Elf is one of the few modern Christmas movies to stand the test of time. Star Will Ferrell was just 37 when Jon Favreau’s comedy hit theaters in 2003. The film’s success, combined with a breakout role in Old School, minted the Saturday Night Live vet as a movie star (and Anchorman was just a year away).
Ferrell has gone on to do a tremendous amount of work in the last 21 years since Elf, both as an onscreen buffoon and an influential producer (his recent credits include Succession, The Menu, and May December). As showcased in his recent Netflix documentary Will & Harper, which documents his road trip with longtime friend Harper Steele shortly after Harper came out as transgender, he also seems like a genuinely nice guy.
So it’s heartwarming to see him pay respects to Elf, a movie that made him, years and years later in the most Will Ferrell way imaginable. At Sunday night’s Los Angeles Kings game, Ferrell rolled in with his family dressed as Buddy. He was very aware that the cameras would inevitably point his direction.
I choose to believe this is what the real Buddy the Elf looks like today.
Perhaps adding to Elf’s everlasting glow as a holiday-timed favorite is the fact that Ferrell never cranked out a sequel. Elf eventually got the Broadway musical treatment and Warner Bros. Animation premiered a stop-motion animated Buddy adventure on NBC in 2014, but there was never real momentum on an Elf 2, despite suggestions by those involved that a screenplay was written. The late actor James Caan, who portrayed Buddy’s dad in the movie, has suggested that Ferrell and Favreau did not see eye to eye on the set of the original and the friction killed any hope of a sequel. But in an interview earlier this year, Ferrell says he just wasn’t happy with the script, which felt like a rehash.
“I would have had to promote the movie from an honest place,” he told The Hollywood Reporter, “which would’ve been, like, ‘Oh no, it’s not good.

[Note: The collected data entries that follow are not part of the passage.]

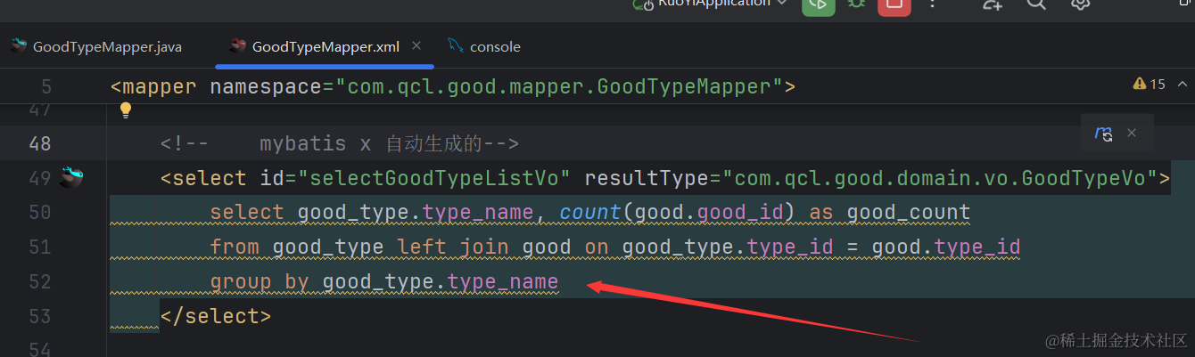 group by good_type.type_name;把上面的联表查询sql语句粘贴到xml里
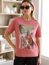 Vilatte Футболка из фактурного полотна с авторским принтом D49.071 терракотовый_
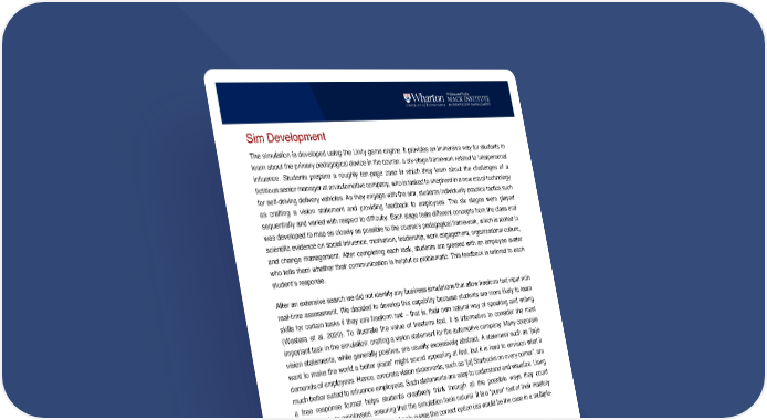 3 Sim Development The simulation is developed using the Unity game engine. It provides an immersive way for students to learn about the primary pedagogical device in the course: a six-stage framework related to interpersonal influence. Students prepare a roughly ten-page case in which they learn about the challenges of a fictitious senior manager at an automotive company, who is tasked to shepherd in a new era of technology for self-driving delivery vehicles. As they engage with the sim, students individually practice tactics such as crafting a vision statement and providing feedback to employees. The six stages were played sequentially and varied with respect to difficulty. Each stage tests different concepts from the class and was developed to map as closely as possible to the course’s pedagogical framework, which is rooted in scientific evidence on social influence, motivation, leadership, work engagement, organizational culture, and change management. After completing each task, students are greeted with an employee avatar who tells them whether their communication is helpful or problematic. This feedback is tailored to each student’s response. After an extensive search we did not identify any business simulations that allow freeform text input with real-time assessment. We decided to develop this capability because students are more likely to learn skills for certain tasks if they use freeform text – that is, their own natural way of speaking and writing (Westera et al. 2020). To illustrate the value of freeform text, it is informative to consider the most important task in the simulation: crafting a vision statement for the automotive company. Many corporate vision statements, while generally positive, are usually excessively abstract. A statement such as “[w]e want to make the world a better place” might sound appealing at first, but it is hard to envision what it demands of employees. Hence, concrete vision statements, such as “[a] Starbucks on every corner”, are much better suited to influence employees. Such statements are easy to understand and visualize. Using a free response format helps students creatively think through all the possible ways they could communicate to employees, ensuring that the simulation feels natural. It is a “purer” test of their mastery of the material, because they cannot simply guess the correct option (as would be the case in a multiple- choice format). To continue the example above, students will only get a high score if they devise a highly concrete vision for the automotive company entirely on their own. A vision such as “a city full of hybrid cars” will get a higher score than “building a more a sustainable world”, because the former statement is more concrete than the latter statement. In the context of our sim, a higher score means that a student’s vision has successfully inspired a greater number of employees. Figure 1a displays the user interface that students see when they are asked to generate a vision, and Figure 1b displays an example of a response to a student-generated vision. We designed many different employee responses so students would receive feedback tailored to the strengths and weaknesses of the vision they generated, as determined by the trained LLM. Some students might receive feedback from an employee avatar about how the vision they just generated is too long, vague, or complicated. Other students might be told that their vision is inspiring

I just couldn’t turn down that much money.’ And I thought, ‘Can I actually say those words? I don’t think I can, so I guess I can’t do the movie.’”
So instead we have Ferrell occasionally turning up at live events in his Buddy costume, chugging beer and letting a cigarette dangle out of his mouth. Honestly, it might just be the best pitch for Elf 2 that anyone’s actually come up with.